Record review: Jen Cloher – Jen Cloher (2017, LP)

jen cloher album cover

It’s been four long years since Jen Cloher’s last solo album, and while she’s been far from idle or out of our collective eyeline in that time, it’s bloody good to have her back putting out new material of her own. That’s because 2017, and everybody involved with it, needs a healthy dose of Jen Cloher’s fire, and if you don’t feel like you’ve had a savage, if eloquently-delivered, kick to the pants after a run-through of these excellent 11 songs, then you’re probably not wearing any pants and you should do something about that immediately. When she’s not using Rolling Stones lyrics to weave tales of missing her partner while she’s on tour on lead single ‘Forget Myself’ or meandering in perfectly off-kilter fashion while questioning the Australian dream on ‘Regional Echo’, she’s raining blows on the “feral right” on ‘Analysis Paralysis’, and the over-privileged and (gasp!) music critics on ‘Shoegazers’. It’s all well and truly called-for, and Cloher delivers on every track, while her other half is pretty damn handy on lead gee-tar, too. We should be happy Jen Cloher is on our side. What an outstanding album.

For The Brag

Record review: HAIM – Something to Tell You (2017, LP)
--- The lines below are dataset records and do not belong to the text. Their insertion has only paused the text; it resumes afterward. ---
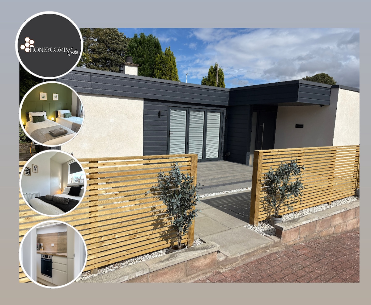Magnifique chalet de 3 chambres et 2 salles de bain - tous de plain-pied, dans un endroit isolé, situé dans un domaine privé et entretenu à Angus, à 10 minutes en voiture du centre de Dundee. Parfaitement placé pour visiter St Andrews, Angus, Édimbourg, Perthshire et Fife. Jardin/cour fermée. Confortable jusqu'au poêle à bois, profitez de promenades autour du parc et des bois du domaine victorien. Terrains de tennis disponibles. Les chiens sont les bienvenus - Les conditions s'appliquent.
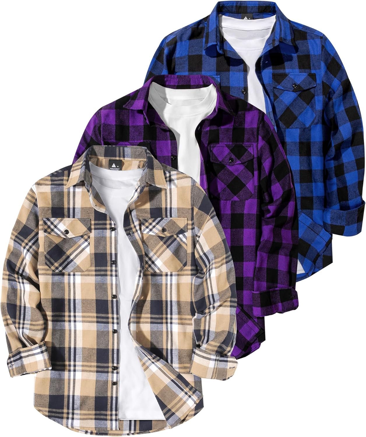 GEEK LIGHTING 3 Pack Flannel Shirt for Men Western Shirts Casual Button Down Shirt Long Sleeve Plaid Shirts with 2 Pockets
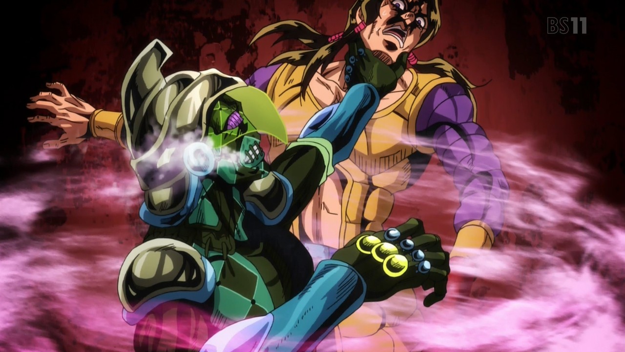 マン・イン・ザ・ミラーが全力でパープル・ヘイズのパンチを止めたが、その拳に着いたウイルス入りのカプセルが外れて割れた。途端にウイルスが漏れて、イルーゾォは再び感染してしまう。化け物じみた咆哮を上げながらパープル・ヘイズはイルーゾォに執拗なラッシュを食らわせた。

haim something to tell you 2017

The world’s a very different place to what it was when HAIM made an eager and innocent music world swoon with their debut album in 2013, so what can the Californian trio add to 2017? The answer, to put it plainly, is pretty much more of the same, so that’ll be welcome news if you loved Days are Gone, and not if, well… you didn’t. “With nowhere to live when they came off the road, they returned to familiar territory – setting up shop at their parents’ house,” reads the bumph accompanying the album, and it mostly shows. There’s plenty to like about the title track, the soaring ‘Nothing’s Wrong’, and lead single ‘Want You Back’, while value could be added by thrusting a foot instead of merely dipping a toe into points of difference on the funky and soulful ‘You Never Knew’ or the almost sludgy glam of ‘Kept Me Crying’. Andrew Innes of Primal Scream once told this reviewer of the sisters’ ability to harmonize and read each others’ movements as something that can only come from playing music together their entire lives, and he’s probably right. Knack with a melody: check. Respecting the lineage of ’70s and ’80s pop and soft-rock: check. Keeping it all relatively safe: check. The formula is clear and apparent, but there’s magic in HAIM’s particular formula, so, if it ain’t broke, why fix it?

For The Brag

Record review: Green Buzzard – Space Man Rodeo (2017, EP)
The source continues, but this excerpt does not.